At once the fragrance of brewing tea filled the air and Robin’s mouth began to water. ‘I’m sorry,’ she began, more in confusion than actual apology.

  ‘I know, my dear, you have no idea who I am or where you are. You’re worried and I can’t blame you.’

  The tray went onto a little kidney-shaped vanity table and the lady in the beige wool suit perched on the bed while the tea was being poured. Robin noticed that she was wearing tan kid gloves. At no time did she stop talking.

  ‘My name is Dorothea Stephenson but everyone calls me Dottie. My husband is Andrew’s senior partner and you are in the spare room of our house in Repulse Bay. One lump or two?’

  ‘Just a little milk, thank you. I —’

  ‘Andrew brought you here last night when he couldn’t wake you up. I don’t think he was particularly concerned about that, you understand, though we did ask Dr Towne to look at you after that idiot Jeremy announced that you were dead. No, it was quite obvious that you were simply exhausted. But I’m afraid the thought of carrying you into the Mandarin in that condition was simply too much for the poor boy …’

  Robin accepted the tea and sipped it. Her expression was one of absolute concentration, but she let Mrs Stephenson’s words wash over her, content to pick out one in ten and think her own thoughts.

  She was in Repulse Bay.
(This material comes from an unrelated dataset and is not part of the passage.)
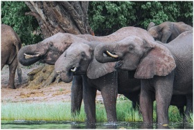 A herd of African elephants drinking water together in Botswana's lush wilderness.

That was no good at all. She had to be back in Central where she could get to the police and the navy and pop across to Kowloon if need be. She had a name now: Daniel Huuk. She wanted him for a start. And she wanted the name of the man who had put armed guards on Richard’s door. That would have to be a senior police officer, the man in charge of the case. And she wanted the name of, and an interview with, whichever doctor in the Queen Elizabeth Hospital was treating Richard.